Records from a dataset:
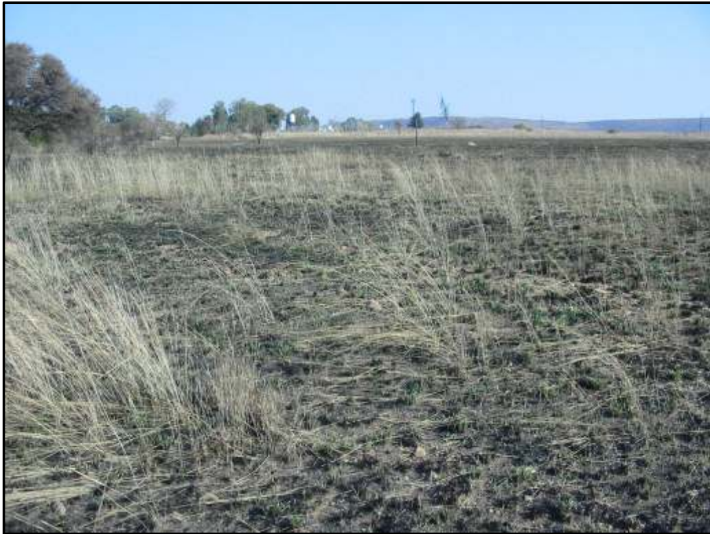
Figure 2: General Site Conditions

At present a residential dwelling with associated outbuildings exist on site that is not indicated on the archival maps. This building can therefore not be older than 60 years and is not protected by legislation. The area is characterized by the dumping of building rubble, irrigation furrows, dams and partly demolished buildings (that is also not indicated on the archival maps). Ground visibility is fair in some parts of the study area due to a recent field fire.
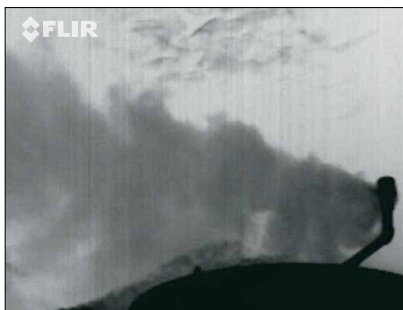
Venting pressure relief valve on storage tank
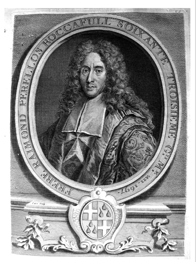
Figure 3: Legend Portrait of Grandmaster Raimond Perellos

Capello describes the manoeuvres by which Perellos secured the grand-mastership. He had a miserable income and depended on a (Maltese?) merchant for maintenance. In order to buy votes he embezzled 30,000 scudi from the fund for the redemption of slaves. Had his bid to become Grand Master failed, he would have been ruined as he was in no position to return the ill-gotten bribe money. He exercised no authority at all over knights of the Grand Cross, who laughed at him behind his back, nor on the population, as anyone who wanted to escape his jurisdiction just became a cleric of the bishop or a patentee of the Inquisitor. That simple.
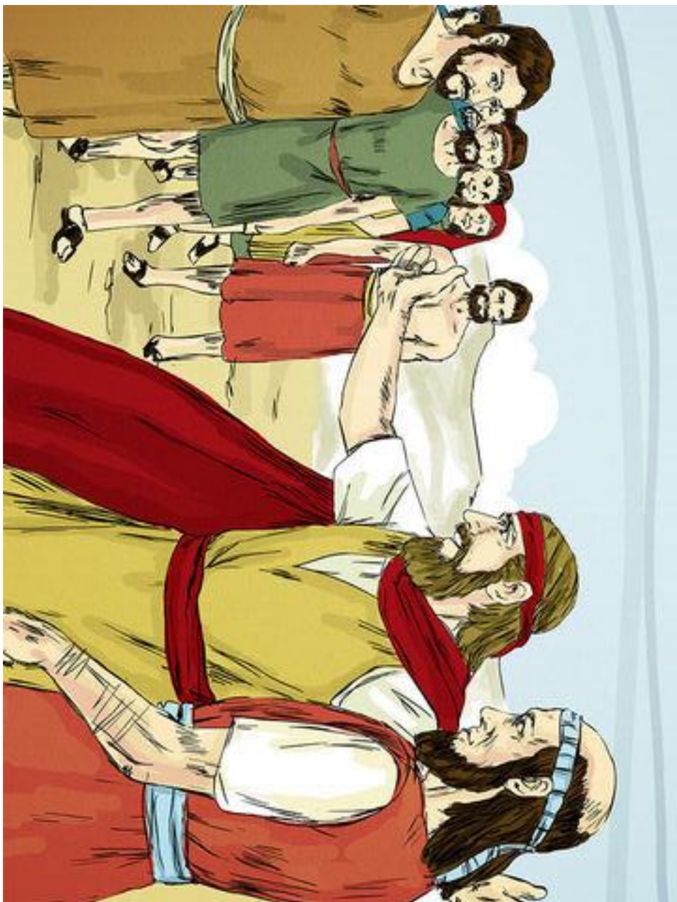
Elijah anoints Elisha :: Elijah anoints Elisha to succeed him as God requested (1 Kings 19:16, 19-21)
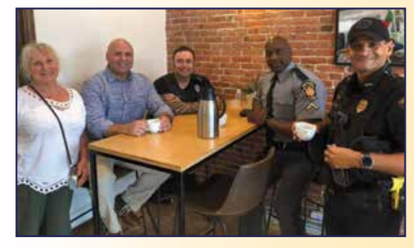
'Coffee with a Cop' was a great opportunity to trade thoughts with some of our area's finest.
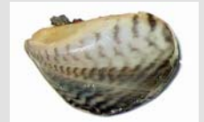
Quagga mussel actual size is 3/4 inch.

Can I just use regular household salt? Do Not Use any other kind of salt solution. Household salt used for seasoning and food consumption is Sodium Chloride (NaCl). It will not kill quagga mussels.
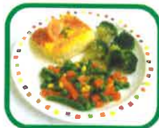
(v) Cheddar Cheese and Potato Pie (D.E.)
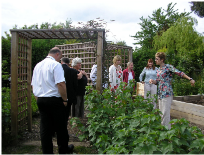
Photo showing tour of St Benedicts Catholic Primary's vegetable area

The first two Sustainable School / Eco School Best Practice meetings were held in June and covered North Warwickshire and Rugby areas. The meeting proved quite a success especially for schools just beginning their eco school journeys. Thank you to St Benedicts Catholic Primary, North Warwickshire and Henry Hinde Infants, Rugby for hosting these meeting and sharing a wealth of knowledge and ideas.
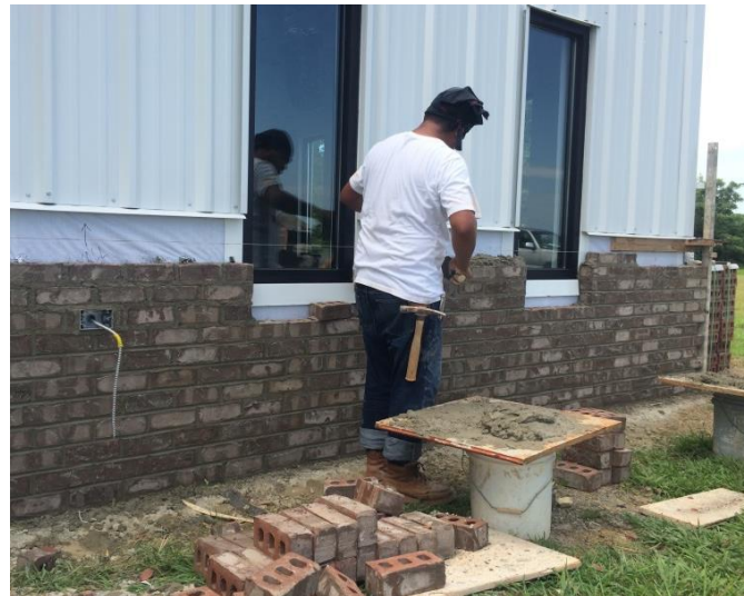
The exterior brick work began to take shape.
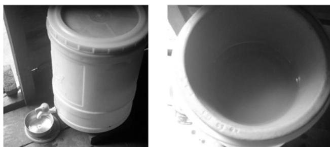
Figure 1. The outside and inside of a ceramic water purifier.

Because large scale public treatment systems may be decades away for much of rural Cambodia, POU treatment options have been widely promoted and are identified as an effective option in both cost and removal capabilities. The CWP is a viable option, as it is produced by NGOs in-country with locally
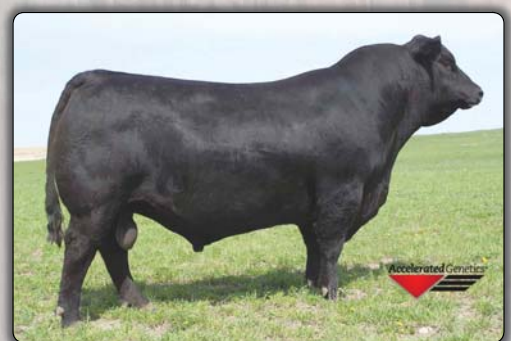
SAV 004 Predominant 4438 Grandsire of Lot 38
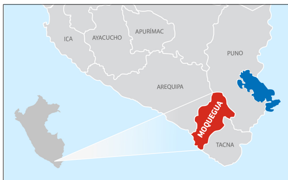
Area of influence: MOQUEGUA
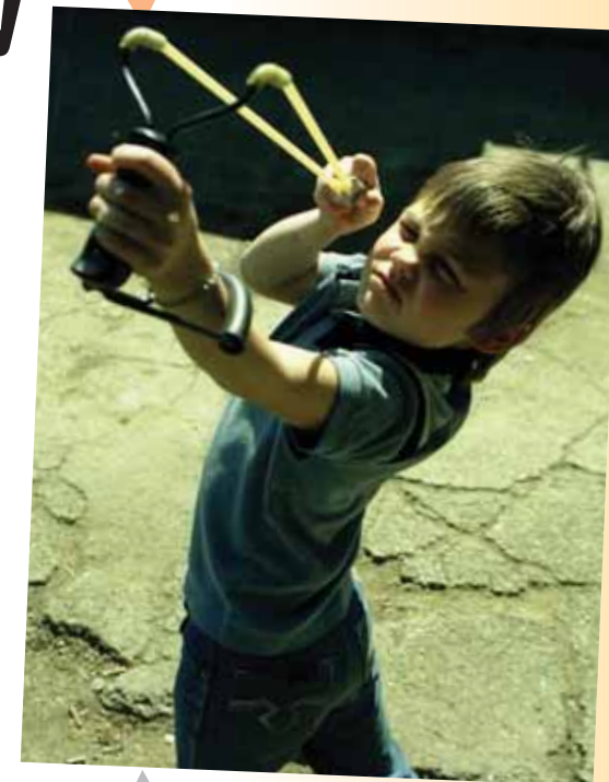
While youngsters come to us for many reasons, the root cause is most often that they have not been taught the social skills needed to manage life's situations.

Why not come and see this for yourself? To arrange a visit in your region, please call us on (011) 482 2655.
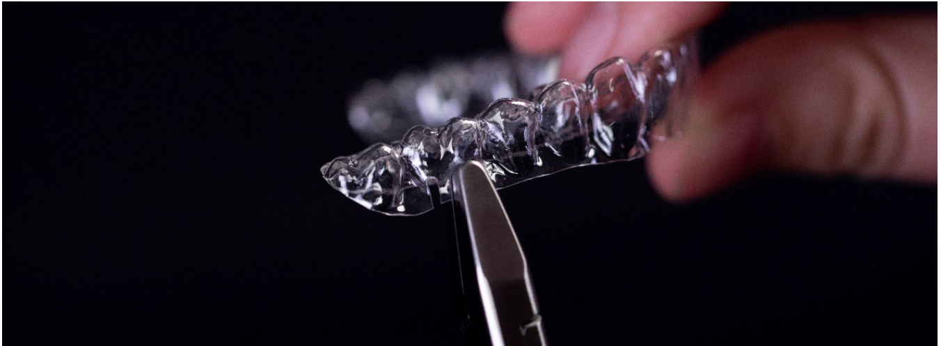
Double Slit Cutout above Upper Arch First Molar

1. Modify the upper aligner(s) to prepare for using elastics with slit cutouts in the aligner: Use an aligner slit punch plier to create a double slit cutout on the gingival margin above upper molars and where the elastic will attach.
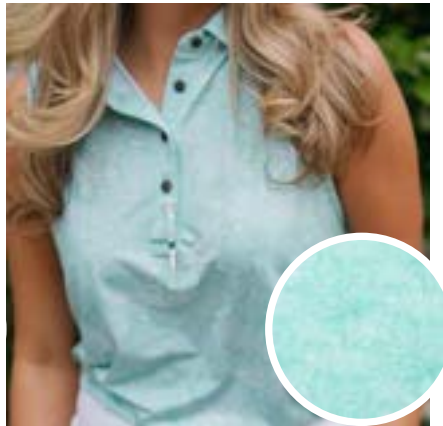
The Mulligan Mint
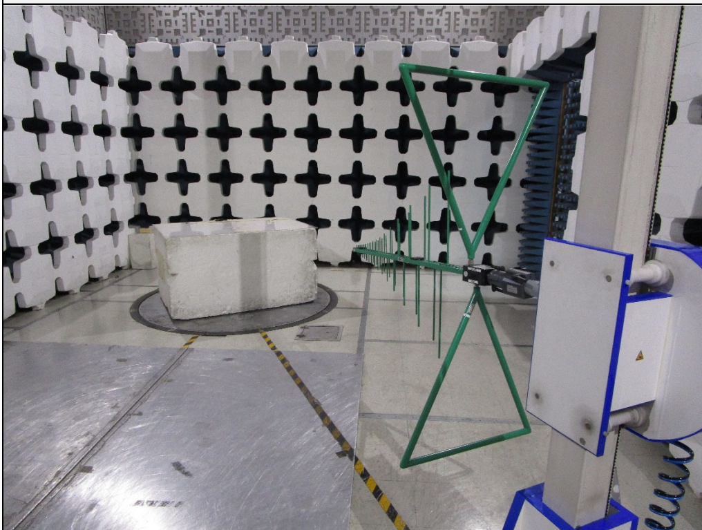
Test Setup for Radiated Emissions: 30MHz to 1GHz, Vertical Polarization

### AIM OF THE TASK:
Your task is to print exactly the lines from the one containing "Why not come" through the final line of the records above, with no pictures and nothing more.

### EXPECTED OUTPUT:
Why not come and see this for yourself? To arrange a visit in your region, please call us on (011) 482 2655.
Double Slit Cutout above Upper Arch First Molar

1. Modify the upper aligner(s) to prepare for using elastics with slit cutouts in the aligner: Use an aligner slit punch plier to create a double slit cutout on the gingival margin above upper molars and where the elastic will attach.
The Mulligan Mint
Test Setup for Radiated Emissions: 30MHz to 1GHz, Vertical Polarization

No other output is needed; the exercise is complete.